Selon un reportage de l’émission Enquête, les festivals produits par evenko, tels qu’Osheaga, Lasso et ÎleSoniq, ainsi que les Francos, le Festival international de jazz de Montréal (FIJM) et Montréal en Lumière, ont reçu 15 millions de dollars par an de fonds publics du Québec entre 2022 et 2024.

« Il faut faire attention dans la façon de regarder l’ensemble de l’écosystème. [...] On ne peut peut-être pas contrôler le monopole, mais on n’est pas obligé de l’encourager », a-t-il dit en entrevue à l’Agence QMI.

D’après lui, il ne faut pas nécessairement délaisser les grands festivals comme Osheaga ou le FIJM, mais le Québec devrait impérativement trouver une façon de mieux tirer son épingle du jeu.

Il a également rappelé que si la justice américaine tranchait en faveur d’un démantèlement de Live Nation et Ticketmaster, ce verdict ne concernerait que ses pratiques aux États-Unis.

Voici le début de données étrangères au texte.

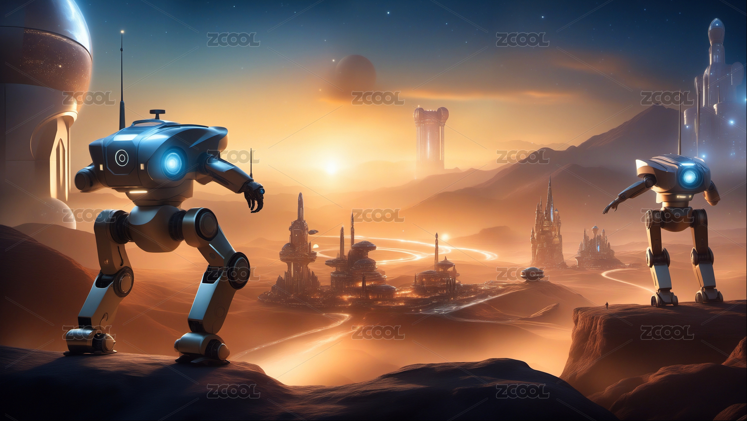 黑色科幻飞船沙漠

Au Canada, ce serait plutôt au Tribunal de la concurrence d’étudier la cause à son tour.

Evenko/Live Nation agit aussi à titre de gestionnaire exclusif du Centre Bell, de la Place Bell à Laval, du MTELUS, du Théâtre Beanfield, du Théâtre Manuvie et du Club Dix30 à Brossard.

Ailleurs au Canada, Live Nation, sous sa branche canadienne Live Nation Canada, exploite entre autres le Rogers Stadium de Toronto, l’Opéra de Toronto, l’amphithéâtre RBC, le History et le Danforth Music Hall, mais aussi le Commodore Ballroom à Vancouver et le History Ottawa, qui ouvrira ses portes prochainement.

Le procès en bref

Le ministère américain de la Justice, 39 États et le district de Columbia poursuit Live Nation. Selon la poursuite, Live Nation détient un monopole illégal sur l’industrie du spectacle depuis sa fusion avec la billetterie numérique Ticketmaster, en 2010, et demandent le démantèlement de leur union. Le procès devant jury, qui s’est ouvert lundi, pourrait durer jusqu’à six semaines.